Exact copy, no pictures: repeat the data that follows.

* [Given data]:
>>>>>
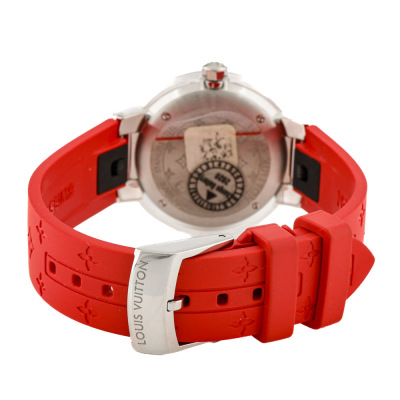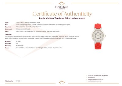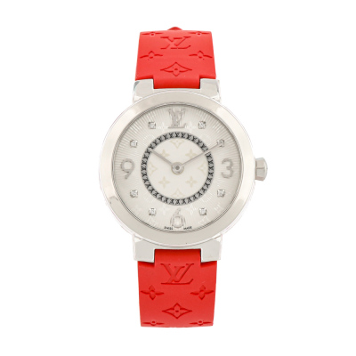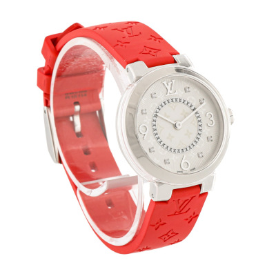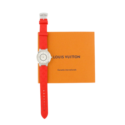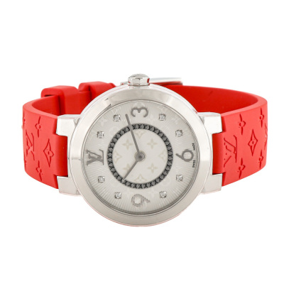 Louis Vuitton Tambour Slim stainless steel quartz ladies watch. Silver dial, Diamond Indicators, case diameter: 28mm, max wrist size: 17.5cm, Swiss made. Ref# Q12MG. With Louis Vuitton red rubber strap and buckle. With Certificate of Authenticity, undated Louis Vuitton International Guarantee booklet and Louis Vuitton box. No warranty applies.
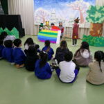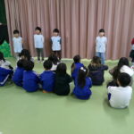 その後、園児の皆さんからは、元気いっぱいの歌「うたえバンバン」と、かわいらしい「てぶくろ」の劇が披露されました。2年生は目を輝かせながら楽しそうに見入っており、会場は温かい拍手に包まれました。
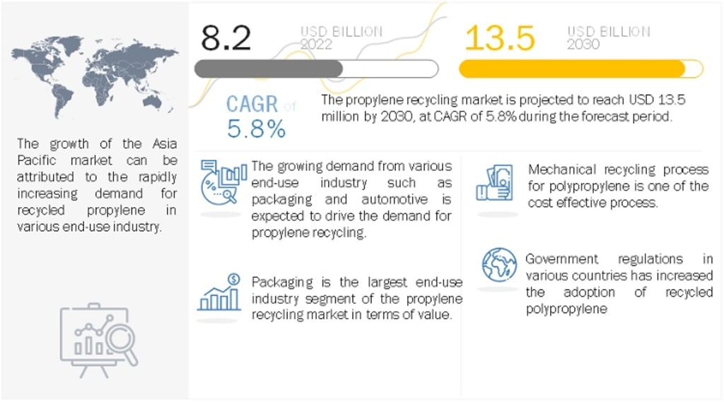 Polypropylene recycling is recovering polypropylene plastic from used or waste products. Polypropylene is a type of thermoplastic polymer which is used in a wide variety of products, including food packaging, plastic bags, medical supplies, and automotive parts. Polypropylene is strong, durable, and lightweight, making it an ideal choice for many applications. It is also recyclable, so polypropylene products can be recycled and used to create new products. Recycled polypropylene can create various new products, including new food packaging, furniture, and construction materials. The global polypropylene recycling market is expected to grow from USD 8.2 billion in 2022 to USD 13.5 billion by 2030, at a CAGR of 5.8% from 2022 to 2030.
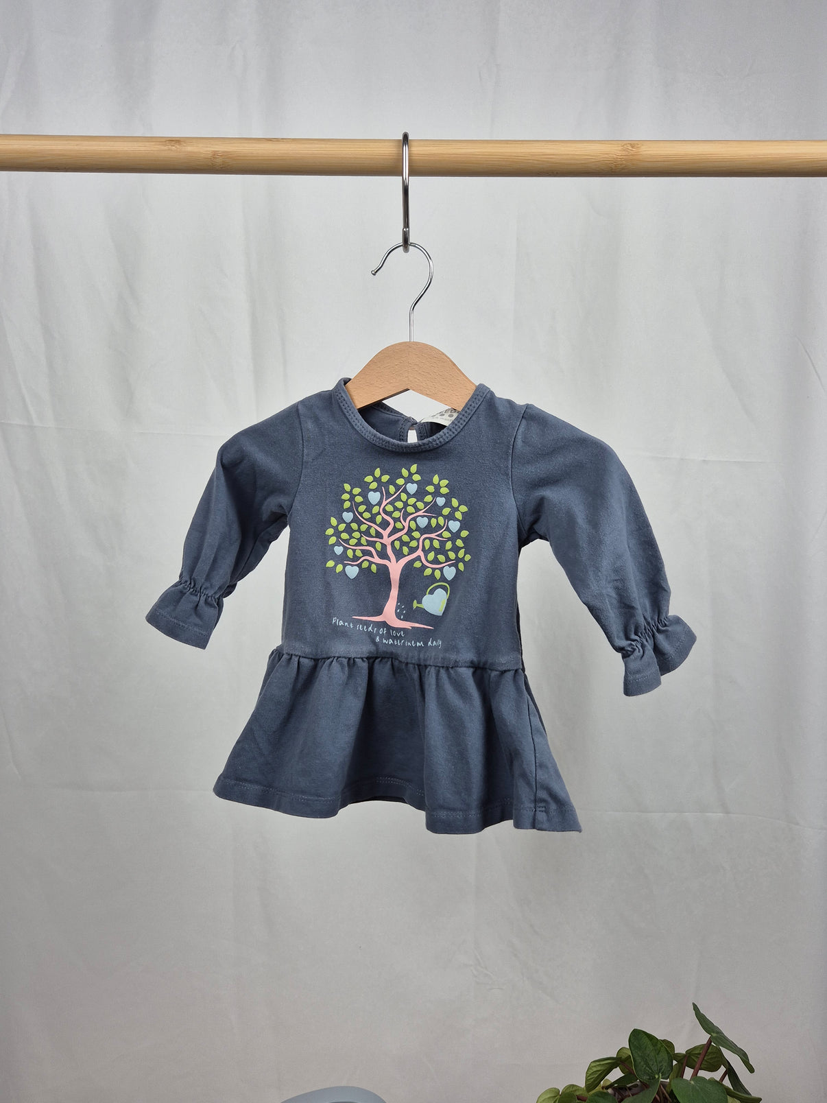 Roztomilá tunika s dlouhým rukávem v tmavě modrém odstínu zaujme potiskem stromu s jemnými detaily ve světlých barvách. Na hrudi najdeš milý nápis "Plant seeds of love & kindness", který dodává kousku pozitivní nádech. Nařasený střih ve spodní části a elastické zakončení rukávů dodávají tunice hravý vzhled a pohodlí při nošení. Měkký materiál je příjemný na dotek a ideální pro každodenní nošení, ať už doma, ve školce nebo na procházce. Skvělý kousek pro malé slečny, který snadno sladíš s legínami nebo punčocháči!
<<<<<
* [Written reply]:
 Louis Vuitton Tambour Slim stainless steel quartz ladies watch. Silver dial, Diamond Indicators, case diameter: 28mm, max wrist size: 17.5cm, Swiss made. Ref# Q12MG. With Louis Vuitton red rubber strap and buckle. With Certificate of Authenticity, undated Louis Vuitton International Guarantee booklet and Louis Vuitton box. No warranty applies.
 その後、園児の皆さんからは、元気いっぱいの歌「うたえバンバン」と、かわいらしい「てぶくろ」の劇が披露されました。2年生は目を輝かせながら楽しそうに見入っており、会場は温かい拍手に包まれました。
 Polypropylene recycling is recovering polypropylene plastic from used or waste products. Polypropylene is a type of thermoplastic polymer which is used in a wide variety of products, including food packaging, plastic bags, medical supplies, and automotive parts. Polypropylene is strong, durable, and lightweight, making it an ideal choice for many applications. It is also recyclable, so polypropylene products can be recycled and used to create new products. Recycled polypropylene can create various new products, including new food packaging, furniture, and construction materials. The global polypropylene recycling market is expected to grow from USD 8.2 billion in 2022 to USD 13.5 billion by 2030, at a CAGR of 5.8% from 2022 to 2030.
 Roztomilá tunika s dlouhým rukávem v tmavě modrém odstínu zaujme potiskem stromu s jemnými detaily ve světlých barvách. Na hrudi najdeš milý nápis "Plant seeds of love & kindness", který dodává kousku pozitivní nádech. Nařasený střih ve spodní části a elastické zakončení rukávů dodávají tunice hravý vzhled a pohodlí při nošení. Měkký materiál je příjemný na dotek a ideální pro každodenní nošení, ať už doma, ve školce nebo na procházce. Skvělý kousek pro malé slečny, který snadno sladíš s legínami nebo punčocháči!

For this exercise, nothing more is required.